*Instructions to follow*: Search the listing for the word "Blue" and return each line that contains it.

*Extracted data*:
- - -

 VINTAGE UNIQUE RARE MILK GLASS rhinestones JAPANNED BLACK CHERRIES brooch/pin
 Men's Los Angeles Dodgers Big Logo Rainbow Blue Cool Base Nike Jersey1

- - -

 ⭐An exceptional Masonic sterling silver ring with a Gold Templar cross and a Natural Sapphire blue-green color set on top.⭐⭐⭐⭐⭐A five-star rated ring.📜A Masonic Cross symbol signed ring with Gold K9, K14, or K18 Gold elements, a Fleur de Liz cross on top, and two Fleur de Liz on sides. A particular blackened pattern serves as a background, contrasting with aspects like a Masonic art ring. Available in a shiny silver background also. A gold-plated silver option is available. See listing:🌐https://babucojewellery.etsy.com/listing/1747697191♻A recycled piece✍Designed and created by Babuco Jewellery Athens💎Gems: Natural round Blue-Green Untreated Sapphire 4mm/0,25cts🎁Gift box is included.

- - -

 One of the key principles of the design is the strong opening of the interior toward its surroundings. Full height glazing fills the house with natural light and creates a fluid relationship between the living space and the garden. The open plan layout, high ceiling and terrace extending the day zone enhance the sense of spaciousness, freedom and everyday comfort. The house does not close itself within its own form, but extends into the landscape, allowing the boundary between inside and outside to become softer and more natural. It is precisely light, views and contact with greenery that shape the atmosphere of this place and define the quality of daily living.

- - -

*Your response*:
 Men's Los Angeles Dodgers Big Logo Rainbow Blue Cool Base Nike Jersey1
 ⭐An exceptional Masonic sterling silver ring with a Gold Templar cross and a Natural Sapphire blue-green color set on top.⭐⭐⭐⭐⭐A five-star rated ring.📜A Masonic Cross symbol signed ring with Gold K9, K14, or K18 Gold elements, a Fleur de Liz cross on top, and two Fleur de Liz on sides. A particular blackened pattern serves as a background, contrasting with aspects like a Masonic art ring. Available in a shiny silver background also. A gold-plated silver option is available. See listing:🌐https://babucojewellery.etsy.com/listing/1747697191♻A recycled piece✍Designed and created by Babuco Jewellery Athens💎Gems: Natural round Blue-Green Untreated Sapphire 4mm/0,25cts🎁Gift box is included.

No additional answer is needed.